Завершая обход, Эд зажигал подвальную свечу. В углу, завешенном пластиковыми полотнищами, находилась маленькая квадратная шахта, в глубь которой вели деревянные ступеньки. Эд ставил свечу на пол и начинал собирать со стен улиток. Удивительно, с какой силой они присасывались к гладкому, почерневшему от плесени бетону. Каждое утро все новые коричневые и черные экземпляры, непонятно почему и откуда. Он собирал полную горсть, потом поднимался наверх и бросал их в огонь.

Как выяснилось, изначально шахта была душевой кабиной, и Эд использовал время в подвале на ее восстановление – выскребал из водостока допотопный ил, выбивал накипь из душевой головки. Поначалу вода шла ржавая и тухлая, но немного погодя стало лучше. Арматура скрипела и жалобно взвизгивала, но работала. Некоторое время приходилось стоять по колено в воде, потом датчик уровня заполнения включал насос. Затопив печь и дождавшись, когда вода в котле достаточно нагреется, он мог принять душ – ни с чем не сравнимая роскошь. Помимо луковицы, исключительно его собственное достояние.
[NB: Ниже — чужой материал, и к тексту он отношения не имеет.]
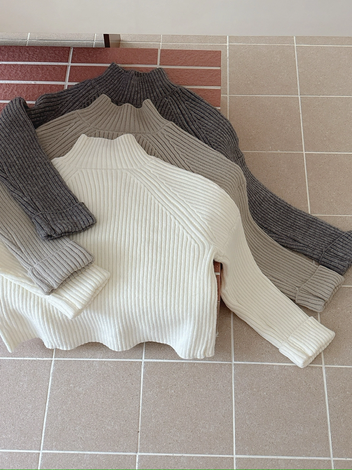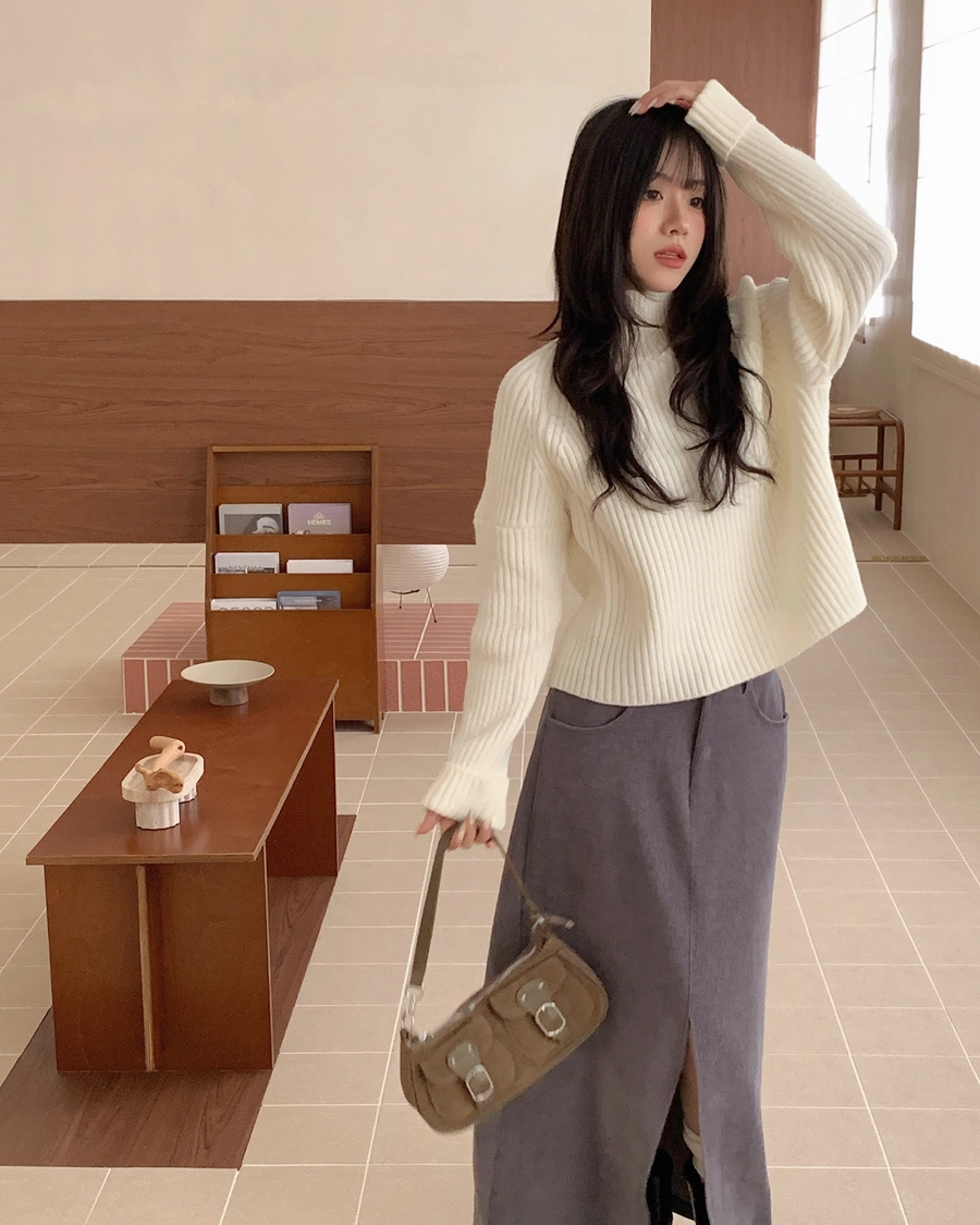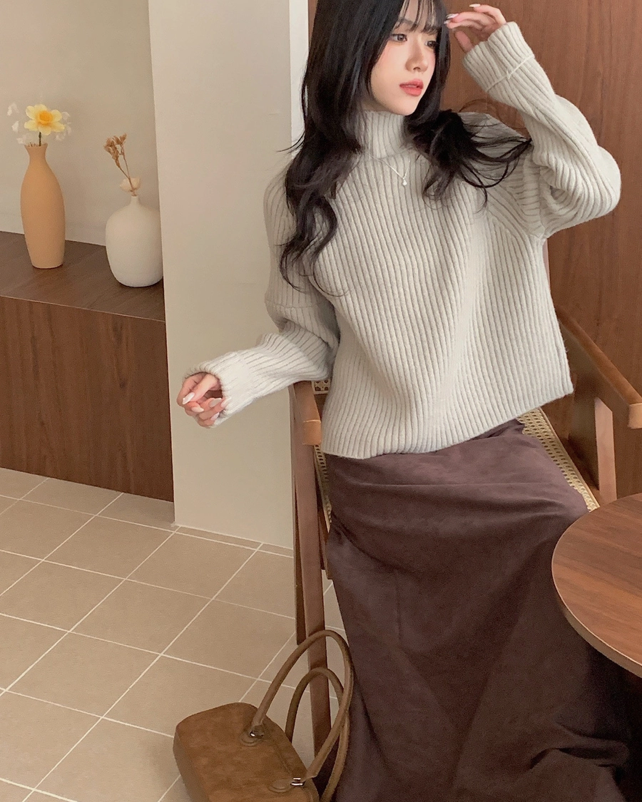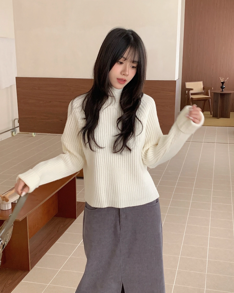 坑紋立領針織毛衣

В огне улитки светились. Еще раз вытягивались во всю длину, а затем резко съеживались, с легким свистом, будто выпуская из себя воздух.

– Бог знает, откуда они приползают, – шептал Эд в жерло печи. Некоторое время из углей доносился свист, потом он принимался подкладывать брикеты, аккуратно, один за другим.

«Виола»

28 ИЮНЯ

Сегодня Рембо показал мне одну книгу и кое-что прочитал оттуда, называется она «Театр жестокости», издана на Западе. Каждую неделю в гнездышке лежит новая книга, а то и несколько. Наверняка от книжного дилера. Теперь мне позволено использовать гнездышко самому, если есть время. Ведь мы все – община.


Каждый день ровно в двенадцать Эд съедал свою луковицу. Вкупе с молчанием луковый ритуал (будто недоставало только этой координаты) создавал образ скромного чудака, которого особо нечего опасаться и принятие которого было в общем-то неплохим решением. В известном смысле луковица мотивировала его положение в «Отшельнике». Вскоре Эд сделался этаким полюсом спокойствия между галопирующими и декламирующими представителями обслуги, холерическим мороженщиком с его громыхающим ящиком и Риком за буфетной стойкой, который, потчуя всех историями и афоризмами, торговал, так сказать, житейской философией. А вот у Эда за раковиной царили сосредоточенность и раздумчивость. Уже одно это явно сближало его с Крузо, Пятница подле Робинзона, и конечно же никого особо не удивляло, что они все чаще бывали вместе. Хотя дело, как правило, шло лишь о ежедневных инструкциях для Эда, нового судомоя и истопника. Эд удивлялся переменам, вновь поражаясь, что происходит все это не с кем-нибудь, а с ним самим. Временами возникало то стыдливое счастье, что отказывалось вступать с ним в прямую связь, а иногда, совершенно неожиданно, перед глазами вдруг являлась Г. – тут он ничего не мог поделать.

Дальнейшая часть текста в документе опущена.